Минуту спустя, как только служитель открыл дверь, его охватил уже внезапный страх: не окажется ли его расчет ошибочным? Все было не так, как он ожидал. Когда он спросил чиновника, ему ответили, что господин секретарь занят, придется подождать. И не слишком вежливо указали на стул в ряду, где уже сидели трое с озабоченными лицами. Нехотя уселся он и с ненавистью ощутил, что здесь он вещь, дело, случай. Соседи делились друг с другом своими маленькими горестями; один из них плачущим и разбитым голосом рассказывал, что он был интернирован во Франции в течение двух лет и что его не хотят ссудить деньгами на проезд домой, другой жаловался, что ему никто не хочет помочь получить службу и что у него трое детей. Фердинанд содрогался от злости; его, оказывается, посадили на скамью просителей; он заметил, что подавленный и вместе с тем раздражительный тон этих жалких людей нервирует его. Он хотел еще раз продумать план разговора, но глупая болтовня не давала ему возможности собраться с мыслями. Охотнее всего он крикнул бы им: «Молчать, сброд вы этакий!», или вынул бы деньги, чтобы отослать их домой, но воля его была парализована, и он сидел рядом с ними, со шляпой в руках, как и все они. К тому же его смущало постоянное движение взад и вперед людей, то открывавших, то закрывавших дверь, он опасался, что кто-нибудь из знакомых увидит его здесь, среди просителей; он вскакивал, готовый выйти каждый раз, когда открывалась дверь, и снова разочарованно садился. Ему становилось все яснее, что он должен уйти, быстро бежать, пока энергия не оставила его окончательно. Он собрался, наконец, с силами и сказал служителю, стоявшему рядом с ним, точно караульный:
— Я лучше завтра зайду.
Но служитель успокоил его: «Господин секретарь сейчас освободится», — и он снова ощутил дрожь в коленях. Он здесь в плену, и не могло быть речи о сопротивлении.
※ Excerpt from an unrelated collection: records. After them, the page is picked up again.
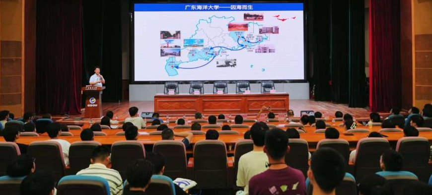 9月16日上午,电子与信息工程学院党委书记袁仁广为2025级900余名新生讲授题为《我与海大共进 挺担当谱新篇》的思政第一课,课程分两场进行。
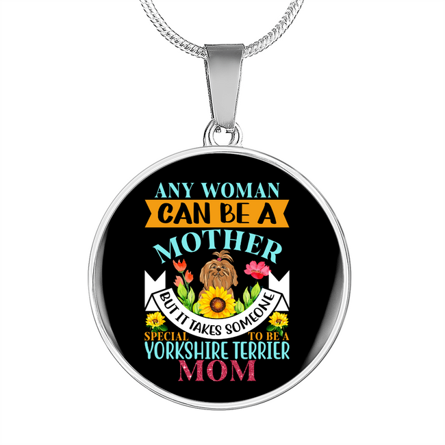Any Woman Can be a Yorkshire Terrier Mom Circle Necklace Stainless Steel or 18k Gold 18-22"
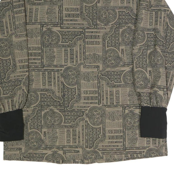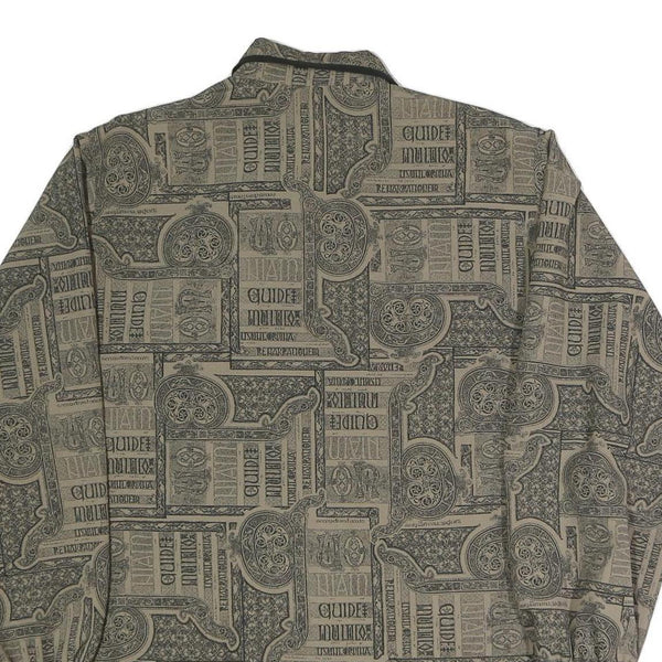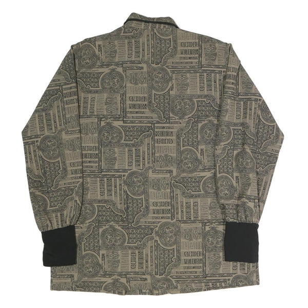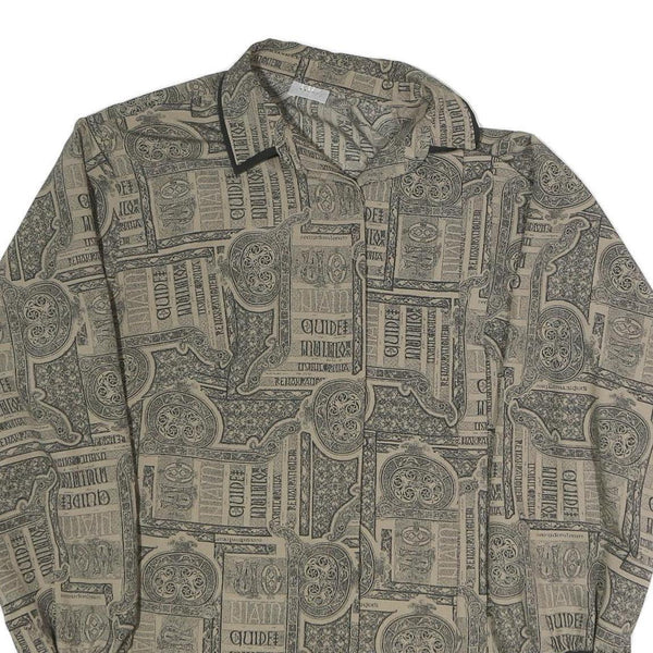 Womens Beige Printed Shirt Long Sleeve Collared L Stylish Patterned Top
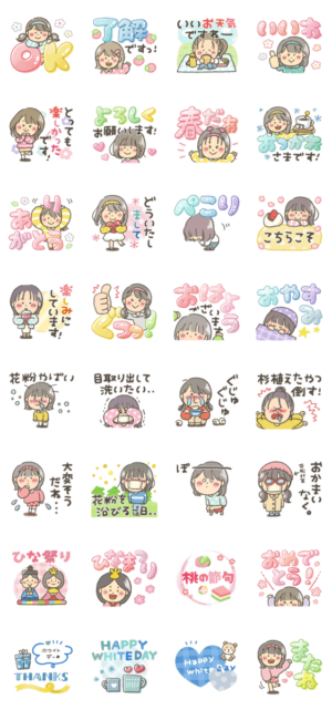 女の子のパステルカラーでか文字スタンプです。花粉症/ホワイトデー/ひな祭りかなぴ より発売
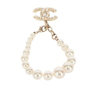 It is made of pearls in different sizes with dangling CC logo encrusted with pearls and crystals
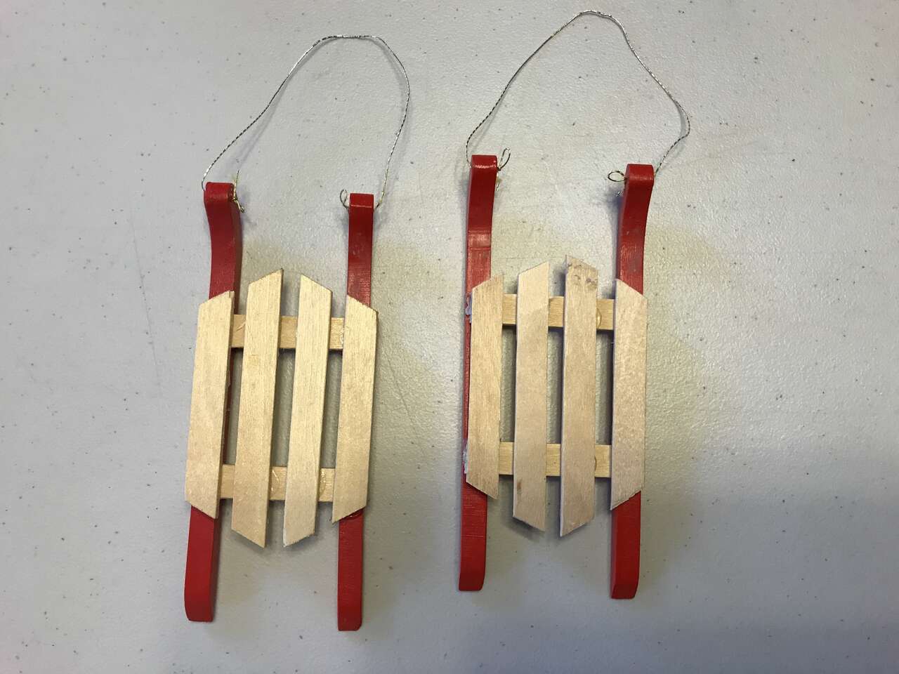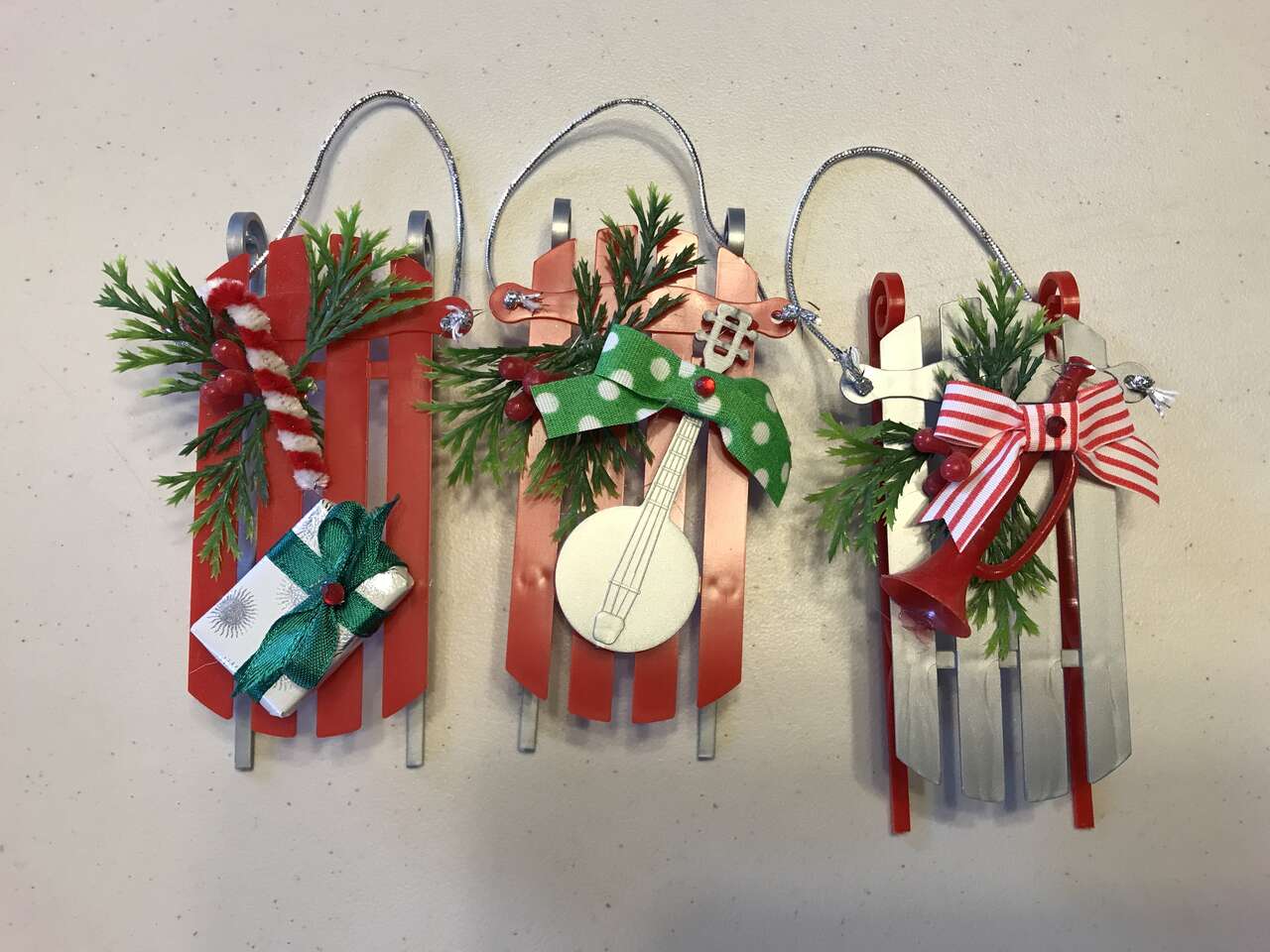 Lot of 8, Picture 15 - Dept 56 Santa Ornament Rustic Tin Spring Spiral Icicle, and Pictures 16 - 18 - 2 Wood Trees with a Bear in each, 2 Wood Sleds, & 3 Plastic Decorated Sleds, $10.00

Наконец послышался шелест платья, прошла, улыбаясь и окинув ожидающих взором превосходства, какая-то кокетливая дама, и служитель крикнул: «Господин секретарь принимает».
Фердинанд встал, слишком поздно он заметил, что забыл трость и перчатки на окне, но вернуться за ними он не мог — дверь уже открылась, и со взором, полуустремленным назад, смущенный чисто внешними мыслями, он вошел. Чиновник сидел, читая, за письменным столом, мельком взглянул на него, кивнул головой, не приглашая сесть, и улыбнулся с холодной вежливостью:
— А, наш magister artium! Сейчас, сейчас! — Он поднялся и крикнул в соседнюю комнату: — Пожалуйста, дело Фердинанда Р., третьего дня исполнено, вы помните: приказ о явке, — и продолжал, садясь: — И вы нас покидаете! Надеюсь, вы, по крайней мере, хорошо провели время здесь, в Швейцарии. Вы прекрасно выглядите, — и бегло, просматривая принесенное писарем дело, проговорил: — Явка в М… да… да… верно… все в порядке… я уже велел приготовить бумаги… возмещения путевых издержек вы, вероятно, не требуете?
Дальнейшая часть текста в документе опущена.